Falsche sind Rechnungen ein ständiges und gravierendes Problem bei der Telekom (vgl.  Zahlreiche Beschwerden über Telekom-Rechnungen). Noch wesentlich problematischer ist der Umgang der Firma mit Kunden, die von falschen Rechnungen betroffen sind. Beim T-Punkt-Laden in der Münchner Sonnenstraße konnte man beispielsweise beobachten, wie ein Kunde mit einer Telefonrechnung von über 1.500,- € der Telekom-Mitarbeiterin erst persönlich vorrechnen mussten, dass die addierte Gesprächsdauer auf ihrer Rechnung 30-Stunden-Tage ergibt, bevor diese ihr Mantra, dass die Rechnung "schon richtig" wäre, aufgab und dem Kunden gönnerisch einen "Kulanznachlass" gewährte. Im Zuge der Argumentation der Telekom für die Strafgebühr stellten deshalb auch zahlreiche Kunden fest, dass sie mit den magentafarbenen  "Fantasie-Rechnungen" einen im Vergleich zu Vermietern oder Energieversorgern erheblichen "Mehraufwand" an Zeit und Porto haben - den sie der Telekom ebenfalls gerne in Rechnung stellen würden.
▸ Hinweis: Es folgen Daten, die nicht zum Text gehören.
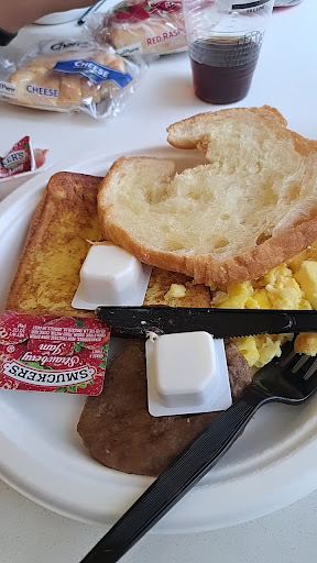 The interior of the hotel had a weird smell and looked very outdated. None of the complementary lobby items were available. No coffee, the lobby fire place was not working. The staff was very nice. I can only remember Yessir's name. He is who we spoke with to advise that we would NOT be parking in the back lot. He assured us our car would not be towed since we made a "makeshift" spot. The breakfast was limited and not very inviting.

Auch die Buchhaltungskapriolen der Telekom sind nicht unbedingt dazu geeignet, den Eindruck eines auch nur halbwegs vertrauenswürdigen Geschäftsablaufs zu erwecken. So wurden Kunden tatsächlich aufgefordert aus "abrechnungstechnischen Gründen" ihre gekündigten Flatrates und Anschlüsse noch mehrere Monate weiter zu zahlen. Und seit dem Überhandnehmen der Dialer-Plage fragen sich mehr und mehr Kunden, ob man einem Unternehmen, das ohne Überprüfung Geld für 0190-Nummern einzieht und gegen das gerade wegen Geldwäsche ermittelt wird, freien Zugriff auf das Konto gewähren sollte (Vgl.  Ermittlungen gegen Telekom wegen Dialer-Geldwäsche).

Das Überweisungsverfahren - das immer seltener mit Papierformular, sondern stattdessen ebenso vollelektronisch wie das Lastschriftverfahren betrieben wird - ist kein Relikt aus analogen Zeiten, sondern hat vor allem bei Telekommunikationsanbietern mehrere entscheidende Vorteile: So lässt sich bei Überweisungen die Rechnungssumme von unberechtigten Forderungen bereinigen und die Zahlung im Verwendungszweck genau zuweisen - auf diese Weise kann eine Sperrung des Telefonanschlusses vermieden werden. Wenn der Kunde dagegen zurückgehaltenen Teilbeträge nicht genau kennzeichnet, darf die Telekom nach § 15 Abs. 2 der Telekommunikations-Kundenschutzverordnung (  TKV) davon ausgehen, dass die Zahlung auf die Forderungen der einzelnen Anbieter entsprechend ihrem Anteil an der Gesamtforderung erfolgt ist - und hat damit schnellen Zugriff auf das Druckmittel der Anschlusssperrung. Dieser Schutz durch das Überweisungsverfahren nutzt nicht nur bei 0190-Dialern, sondern auch bei falsch berechneten Ortsgesprächen: Wenn der Kunde die Rechnung begründet anficht und statt der zu hohen Rechnungssumme den durchschnittlichen Rechnungsbetrag aus den unbeanstandet gebliebenen sechs zurückliegenden Monaten überweist, darf die Telekom nach § 19 Abs. 4 TKV den Anschluss nicht sperren.


Beim Lastschriftverfahren dagegen laufen diese Schutzvorschriften aus der TKV ins Leere: Rückbuchungen von Teilbeträgen sind nämlich ebenso wenig möglich wie die Angabe eines Verwendungszwecks auf der Rückbuchung.